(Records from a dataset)

══════

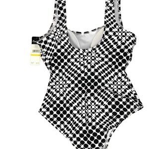 Emily B Women’s One-Piece Swimsuit – Size Small | Black & White Polka Dot
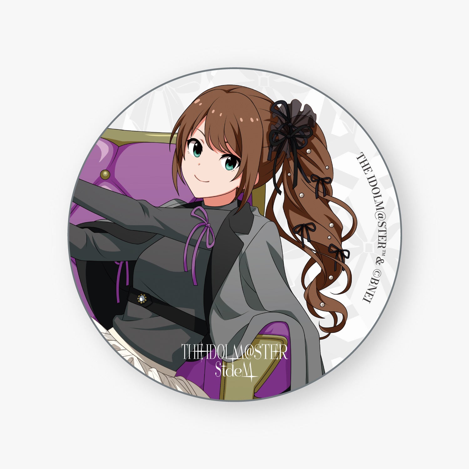 描き下ろしビジュアルを使用した缶バッジ(ランダム12種)。カバンや小物につけたり、お部屋に並べて飾ったり、アイドルとの日常をお楽しみください。
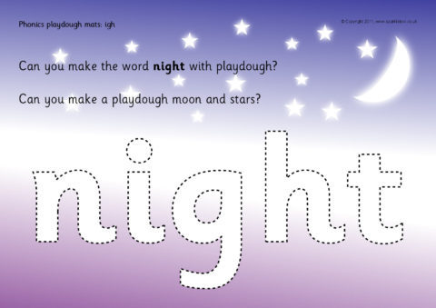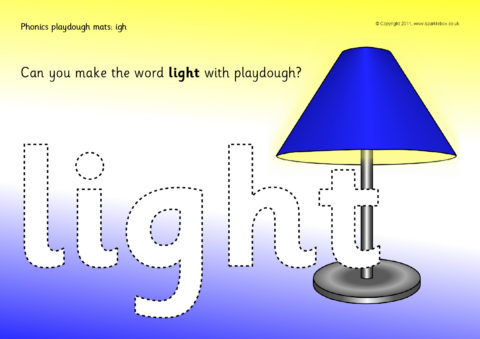 A set of simple printable mats where children make words with ‘igh’ and related objects from playdough.
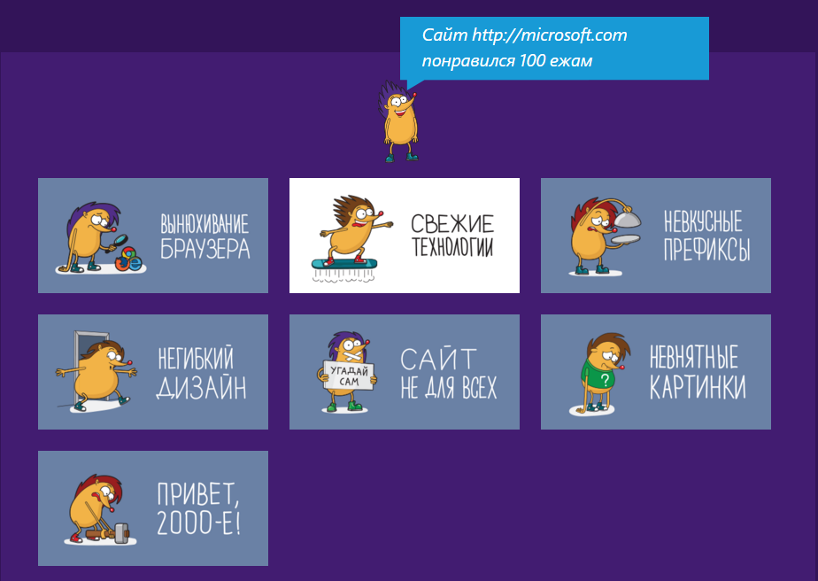 Портал Habrahabr и российское отделение Microsoft проводят совместную акцию, призванную для продвижения браузера Microsoft Edge. Владельцам сайтов и их посетителям предлагается проверить любой ресурс на наличие современных технологии. Сервис выдаст результат с перечислением положительных моментов, но не забудет и про промашки в устройстве сайта. Итоговый результат измеряется в ежах…
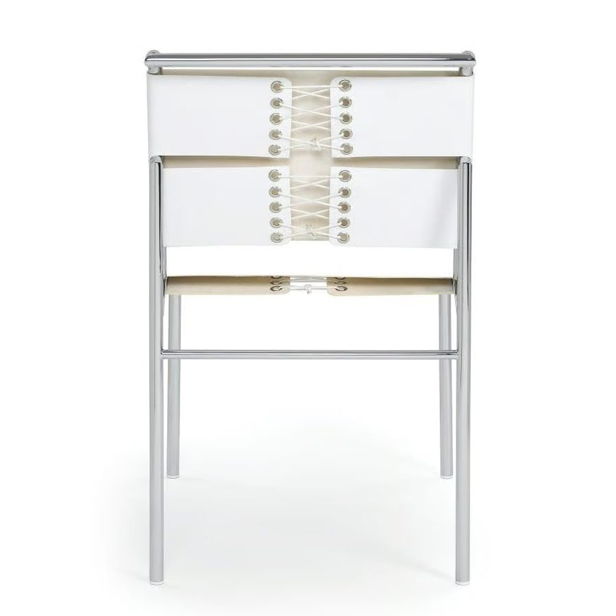 Прочный металлический каркас с хромированным покрытием обеспечивает устойчивость и долговечность, а сиденье и спинка выполнены из качественной искусственной кожи, которая легко сочетается с любыми отделочными материалами — от бетона и камня до дерева и текстиля.
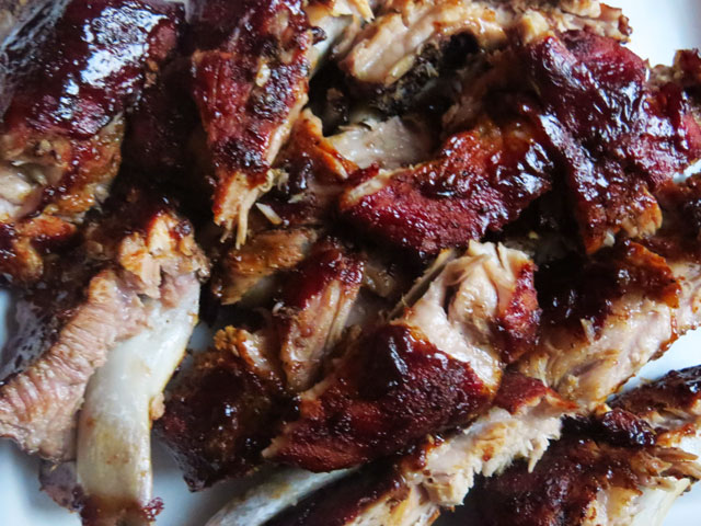 - Open foil, and toss the juices and the fat. Brush the barbecue sauce on both sides of the rack. Increase heat to 350º and place meat side up on baking sheet. Bake for 15 minutes, brush on more barbecue sauce, and bake for an additional 15 minutes.
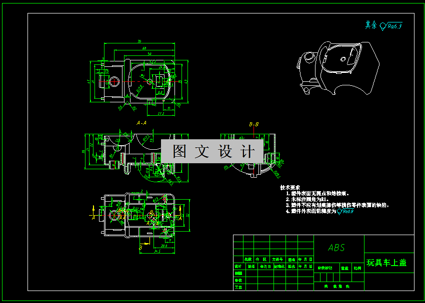 本设计是注塑模具设计为主题。其设计思路由参考多个生产事例而得出,设计内容是从零件的工艺分析开始的,根据工艺要求来确定设计的大体思路。
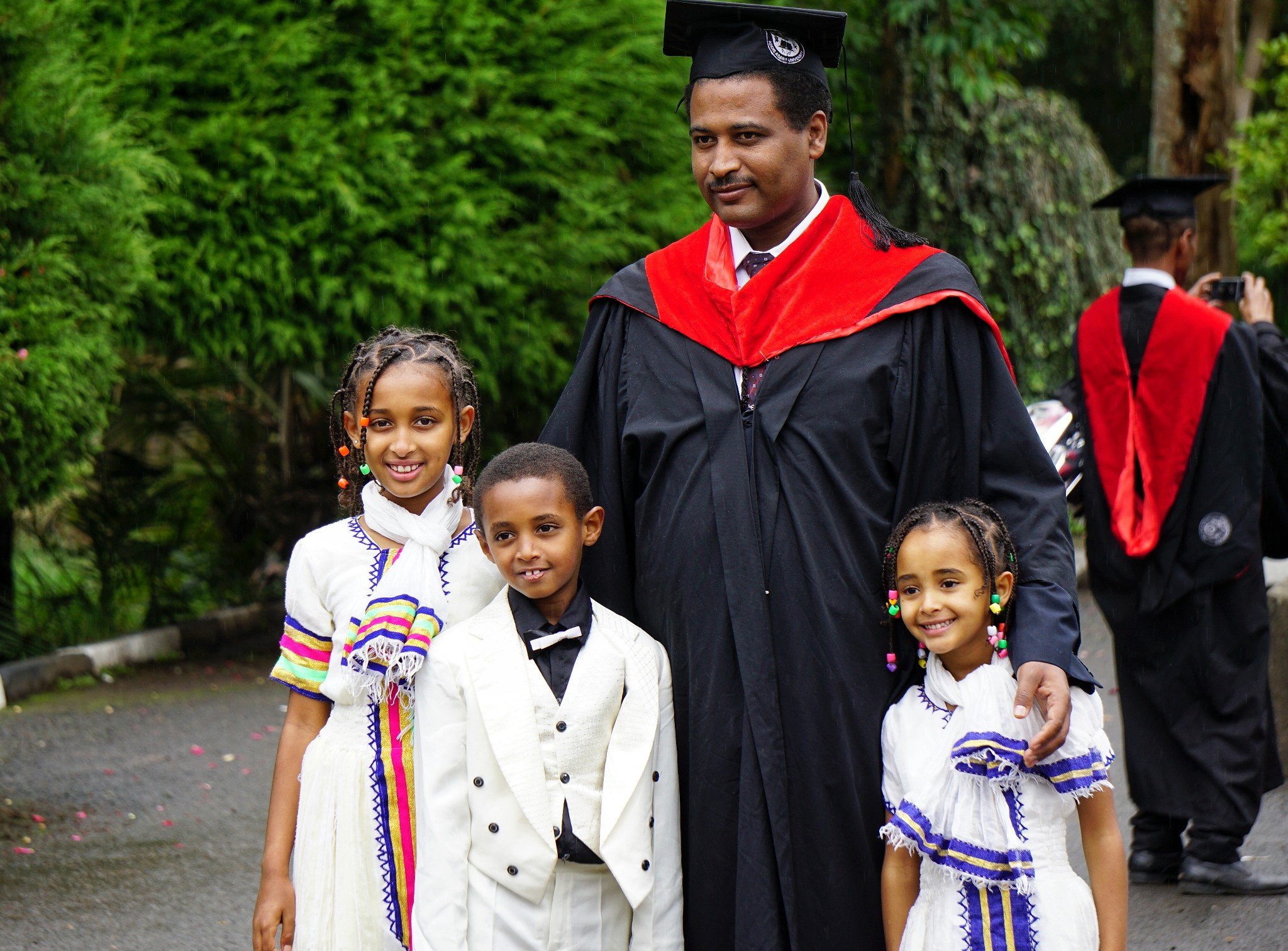 学校内读研究生不限年纪,在校园中 ,还可见大龄学生有携家带口来拍毕业照,萝莉们陪着毕业生爸爸一起提前感受埃塞俄比亚高等学府的魅力。
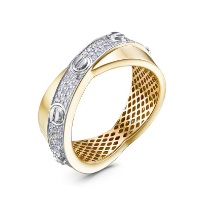 Кольцо с 112 бриллиантами природными, 0.4 карат, огранка круг 17 граней, цвет 2, чистота 3, тип огранки А; Желтое золото 585 пробы.
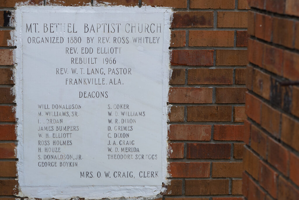 Mount Bethel Baptist ChurchOrganized 1880Rebuilt 1966Located at 318 Mt Bethel Church Road, Frankville. 31.64095, -88.14452
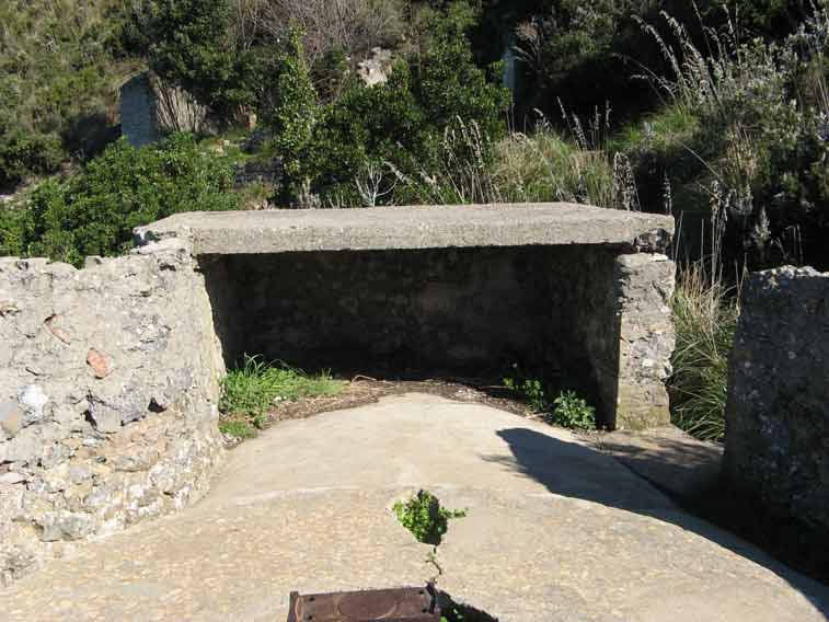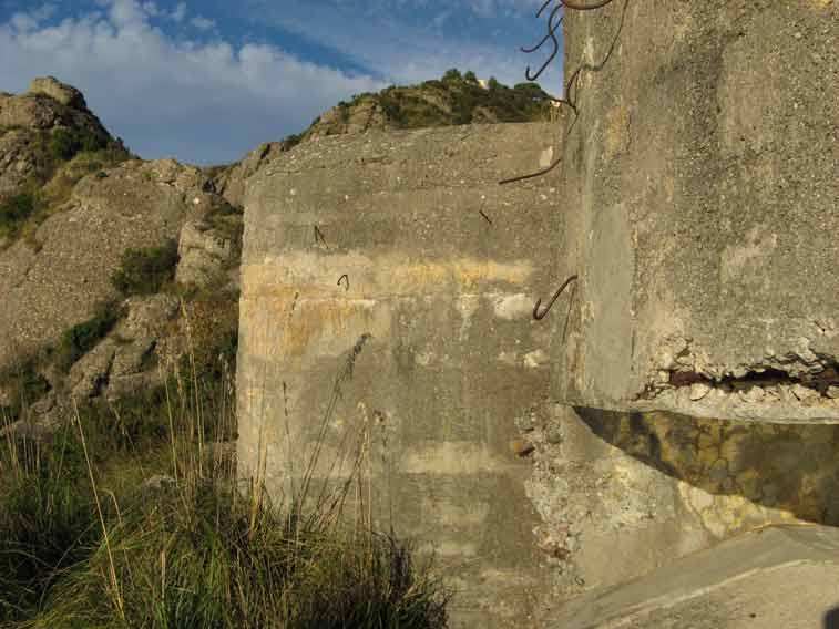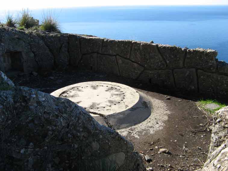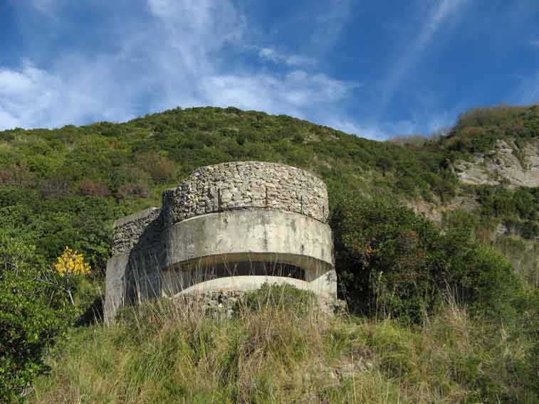 Postazione allo scoperto per il pezzo da 152/45.Un ingresso laterale conduce alla riservetta munizioni ubicata in caverna in caverna
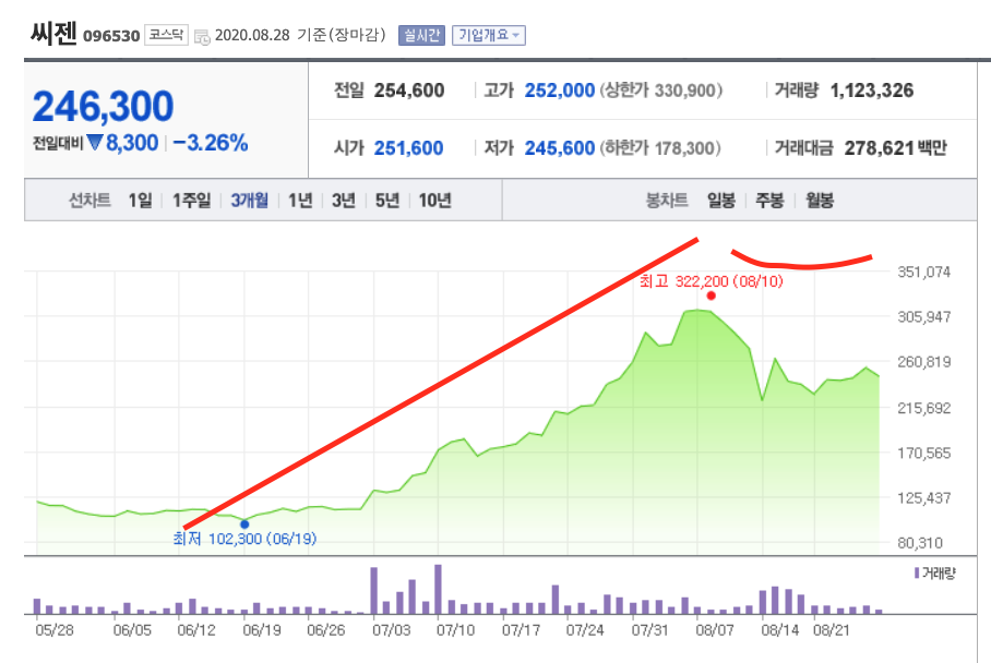 코로나 관련 이슈에서 가장 상승한 종목은 역시 씨젠이라고 할 것 같은데요. 어느덧 코스닥 시총 2위를 기록하며 거대한 주식으로 변모하고 있습니다.
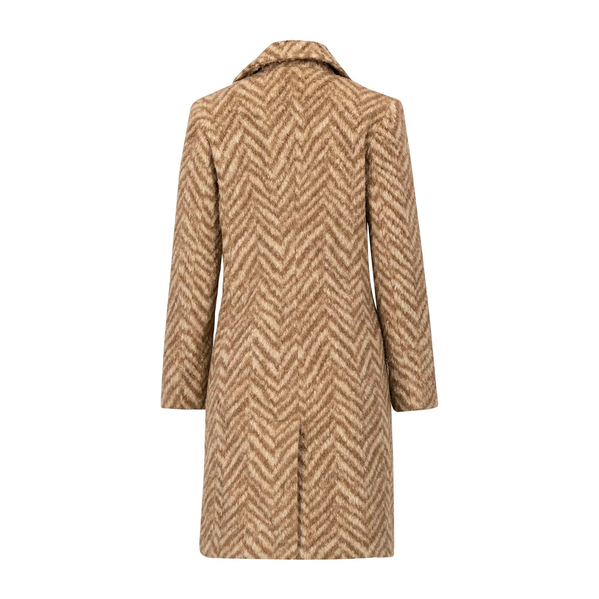 Este abrigo presenta un diseño de espiga clásico que une sofisticación y confort. Su silueta recta y cierre frontal con botones destacan un estilo tradicional, mientras que su tejido cálido garantiza comodidad durante todo el día. Ideal para realzar desde atuendos formales de trabajo hasta estilos casuales con un toque elegante.

══════

**INSTRUCTIONS TO FOLLOW**
The lines to set down run from the line with "学校内读研究生不限年纪,在校" up to and including the line with "코로나 관련 이슈에서" in the entries above. Reproduce them exactly, with no pictures.

**RESULT OF THE EXERCISE**
 学校内读研究生不限年纪,在校园中 ,还可见大龄学生有携家带口来拍毕业照,萝莉们陪着毕业生爸爸一起提前感受埃塞俄比亚高等学府的魅力。
 Кольцо с 112 бриллиантами природными, 0.4 карат, огранка круг 17 граней, цвет 2, чистота 3, тип огранки А; Желтое золото 585 пробы.
 Mount Bethel Baptist ChurchOrganized 1880Rebuilt 1966Located at 318 Mt Bethel Church Road, Frankville. 31.64095, -88.14452
 Postazione allo scoperto per il pezzo da 152/45.Un ingresso laterale conduce alla riservetta munizioni ubicata in caverna in caverna
 코로나 관련 이슈에서 가장 상승한 종목은 역시 씨젠이라고 할 것 같은데요. 어느덧 코스닥 시총 2위를 기록하며 거대한 주식으로 변모하고 있습니다.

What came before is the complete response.